▶ **EXERCISE OBJECTIVE**
Copy each line of the listing where the word "Hitsumabushi" can be found.

▶ **RECORDS FOR PROCESSING**
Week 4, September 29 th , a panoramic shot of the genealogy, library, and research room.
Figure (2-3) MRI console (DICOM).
* * *
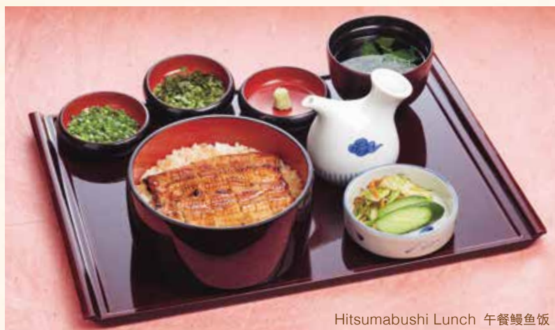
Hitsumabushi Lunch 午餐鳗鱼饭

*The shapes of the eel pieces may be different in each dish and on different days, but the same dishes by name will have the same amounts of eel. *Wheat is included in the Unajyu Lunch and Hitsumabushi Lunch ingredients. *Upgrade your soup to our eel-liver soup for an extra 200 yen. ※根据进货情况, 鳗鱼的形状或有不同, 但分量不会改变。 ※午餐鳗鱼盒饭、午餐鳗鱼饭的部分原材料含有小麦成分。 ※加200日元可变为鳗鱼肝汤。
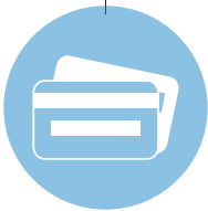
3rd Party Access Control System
==
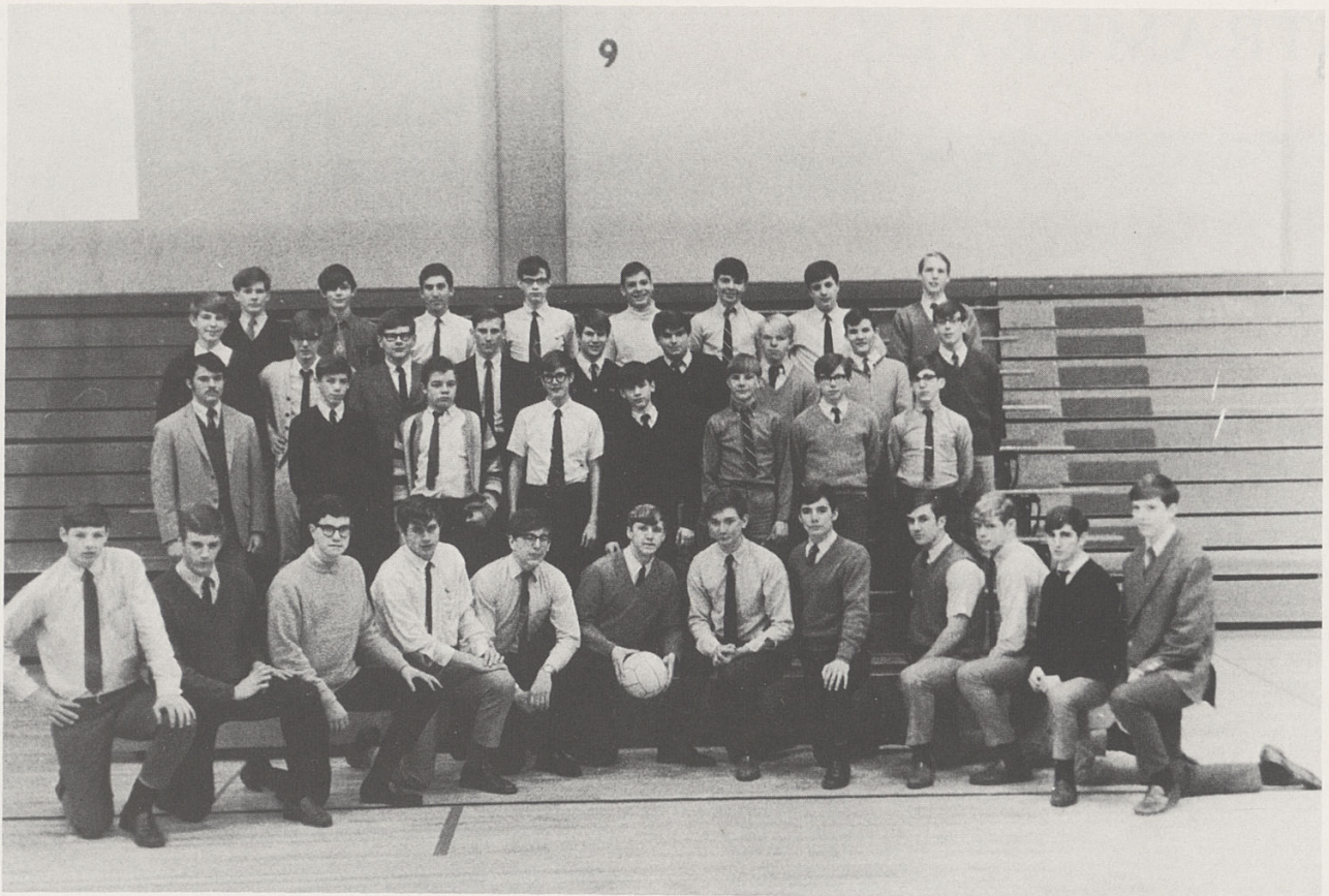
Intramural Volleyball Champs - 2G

▶ **EXERCISE RESULT**
Hitsumabushi Lunch 午餐鳗鱼饭
*The shapes of the eel pieces may be different in each dish and on different days, but the same dishes by name will have the same amounts of eel. *Wheat is included in the Unajyu Lunch and Hitsumabushi Lunch ingredients. *Upgrade your soup to our eel-liver soup for an extra 200 yen. ※根据进货情况, 鳗鱼的形状或有不同, 但分量不会改变。 ※午餐鳗鱼盒饭、午餐鳗鱼饭的部分原材料含有小麦成分。 ※加200日元可变为鳗鱼肝汤。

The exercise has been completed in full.